Category : /other · by Apr 10th, 2012

Este post incluye algunas de las reacciones generadas luego de mi lectura del post: Visión personal del Diseño Industrial impartido en la Universidad Nacional de Colombia del blog: lwaviator.wordpress.com

Reacción 01 del 10 de abril de 2012. Sobre la pobreza mental.

Respetado Oscar, imagino que si plasma sus palabras en un medio público como lo es su blog, es porque tiene la intensión, o por lo menos pretende tenerla, de confrontar las ideas expuestas en el texto. Para ello me voy a valer de varias publicaciones, comentarios o pensamientos (como los llama el template de su blog), si el tiempo y la paciencia me lo permiten, que tocarán algunos de los temas expuestos en el mismo y con la intensión de evacuarlos pausada y tranquilamente -como lo ameritan, pues son temas serios, estructurales y por que no, fundamentales-.

El primer tema a tratar y sobre el cual me gustaría leer sus comentarios es el de la “pobreza mental” que usted argumenta tiene el pueblo colombiano, que se hace evidente en su texto: “Los colombianos crecimos creyendo que somos pobres y todavía muchos conservan esa venda, ignorando que la pobreza está en la cabeza”.

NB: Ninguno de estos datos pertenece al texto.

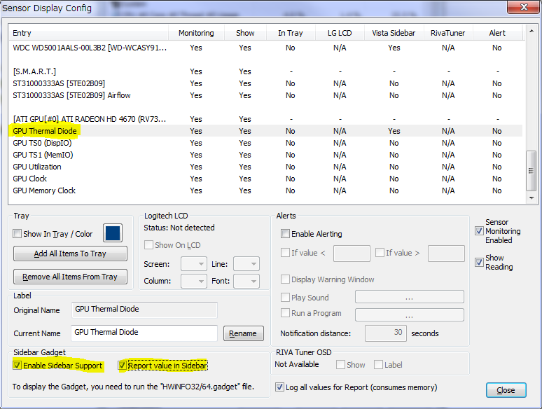 Sensors → Configure で、

La pobreza -cualidad de pobre- es un fenómeno social y económico que proviene de múltiples causas y esta estrechamente vinculada con la imposibilidad de satisfacer las necesidades básicas afectando la calidad de vida del individuo o de la comunidad que se dice pobre. Algunos autores refieren la expresión –pobreza- a la imposibilidad de tener oportunidades para desarrollar sus capacidades (capabilities approach de Amartya Sen) que se enfocan en la libertad positiva, que en la pobreza, impide progresar en el proyecto de vida que los individuos se han trazado haciendo que el problema no sea solamente económico o social y afecte la psique del individuo. Otros (Prahalad) definen el grueso de la población en esta condición –pobreza- como la Base de la Pirámide (BoP por sus sigla en inglés) que determina su estado como el de los que no tienen el poder de compra o adquisitivo para moverse en un mercado, que sobra decir es el mercado del capital.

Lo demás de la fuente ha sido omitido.